123 »Als Judas, der ihn verraten hatte, sah, daß er zum Tode verurteilt war, reute es ihn, und er brachte die dreißig Silberlinge den Hohenpriestern und Ältesten zurück und sprach: Ich habe Unrecht getan, daß ich unschuldiges Blut verraten habe. Sie aber sprachen: Was geht uns das an? Da sieh du zu! Und er warf die Silberlinge in den Tempel, ging fort und erhängte sich.« Es ist nun nach Mitternacht. Der Karfreitag ist angebrochen. Red trägt nur noch seine Unterhosen, und seine Hände sind hinter seinem Rücken gefesselt. Er sitzt auf dem Holzgeländer, das um die Empore herum verläuft. Ein dickes Seil liegt um seinen Hals und reicht über seinen Rücken zum Geländer hinunter. Jez hat das Seil an das Geländer geknüpft, das einen stabilen Eindruck macht. Das einzige, was brechen wird, ist Reds Genick. Jez steht neben ihm. Er hat sich eine Dornenkrone auf den Kopf gesetzt, und ein paar Blutstropfen laufen ihm über die Stirn in Richtung Augenbrauen. Er scheint es gar nicht zu bemerken. Neben ihm auf dem Boden steht ein Teller mit Essen. Red versucht, sich gegen das Entsetzen zu wappnen. Zeig ihm nicht deine Angst. Gib Jez nicht die Befriedigung. Jez hat sein Handy in der rechten Hand und ein Skalpell in der linken. Der Silberlöffel - der letzte der zwölf - liegt neben seinen Füßen auf dem Boden. Er bindet Reds Hände los und gibt ihm das Handy. »Du weißt es, nicht wahr? Du weißt, daß du mich verraten mußt?« Red nickt. »Sag es.« »Ich weiß, daß ich dich verraten muß.« Jez nimmt eine Scheibe Brot, reißt ein kleines Stück ab und tunkt es in eine kleine Schüssel.

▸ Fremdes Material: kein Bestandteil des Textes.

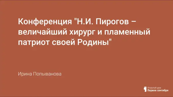 Николай Иванович Пирогов – основоположник отечественной топографической анатомии, военно-полевой хирургии, пионер эфирной анестезии, выдающийся педагог, общественный деятель и пламенный патриот своей Родины – наша национальная гордость. Его любили за простоту, благородство и бескорыстие. Бедняков и учащихся он лечил бесплатно.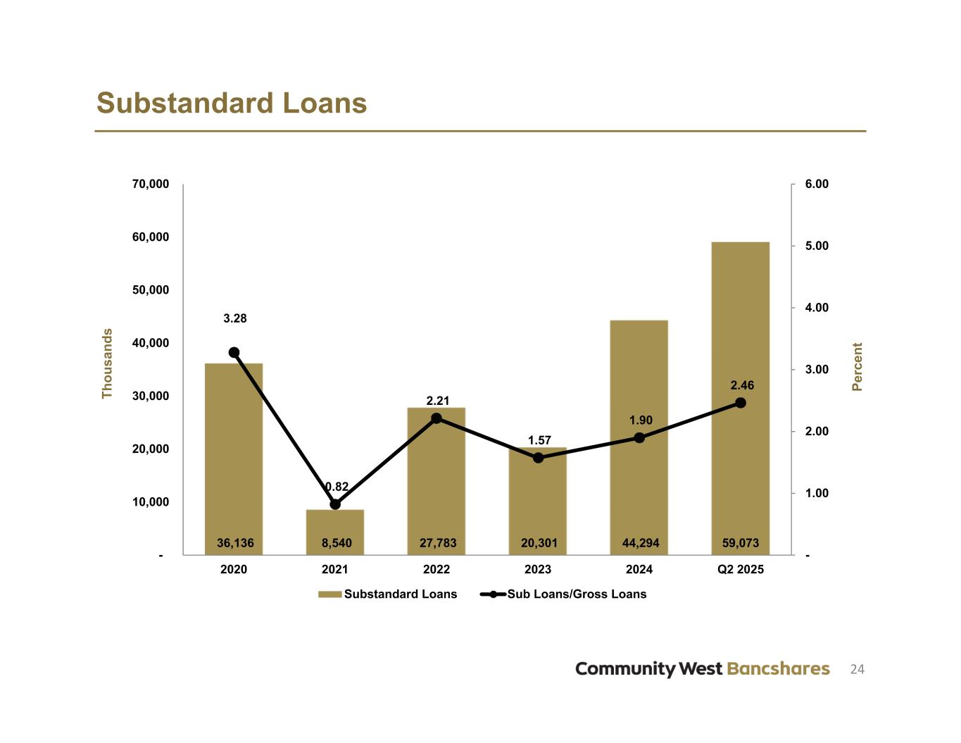 23 Special Mention Loans 36,406 40,845 31,024 9,000 17,384 19,706 3.30 3.93 2.47 0.70 0.74 0.82 - 1.00 2.00 3.00 4.00 5.00 6.00 - 10,000 20,000 30,000 40,000 50,000 60,000 70,000 2020 2021 2022 2023 2024 Q2 2025 Pe rc en t Th ou sa nd s Special Mention Loans SM Loans/Gross Loans

»Der die Hand mit mir in die Schüssel taucht, der wird mich verraten.« Jez drückt Red den Klumpen in die Hand und schließt mit seinen Fingern Reds Finger darum. Er legt seinen Mund an Reds Ohr. »Was du tun willst, tue sogleich. Dein letzter Verrat, Red. Tu es. Verrate mich an die Behörden. Ruf die Polizei an. Ruf Kate an. Ja, ruf Kate an. Sag ihr, was ich getan habe. Verrate mich an die Polizei. Sie werden kommen, sobald du tot bist, und sie werden mich vor Gericht stellen, wie die Römer Jesus vor Gericht stellten. Dann wird es die ganze Welt erfahren. Na los. Ruf die Polizei an.« »Und dann wirst du mich hängen?« »Nein, du wirst dich selbst erhängen.« »Und wenn ich mich weigere?« »Das kannst du nicht. Das wirst du nicht. Es ist dein Schicksal.« Jez' Mission zieht Red nach unten wie Treibsand. Aber in diesem Treibsand hier wird man nicht schneller heruntergezogen, wenn man sich wehrt. Wenn er sich hier wehrt, dann bleibt er vielleicht am Leben. Wenn er nachgibt, ist er verloren. Red nimmt Jez' Telefon und wählt Kates Nummer. »Kate Beauchamp.« »Kate, hier spricht Red.« »Hallo Red. Wie geht es dir?« Ihre Stimme klingt so verdammt normal, daß sie von einem anderen Planeten kommen könnte. »Kate... es ist nicht Duncan. Es ist Jez.« »Was? Was ist Duncan nicht?« »Der Killer. Der Apostel-Killer. Es ist Jez. Er ist es.« »Red, wovon zum Teufel sprichst du?« »Er ist hier. Er wird mich gleich hängen. O Gott, Kate... du mußt mir helfen.« »Wo bist du?« »Ich bin zu -« Jez reißt Red das Telefon aus der Hand und klappt es zu.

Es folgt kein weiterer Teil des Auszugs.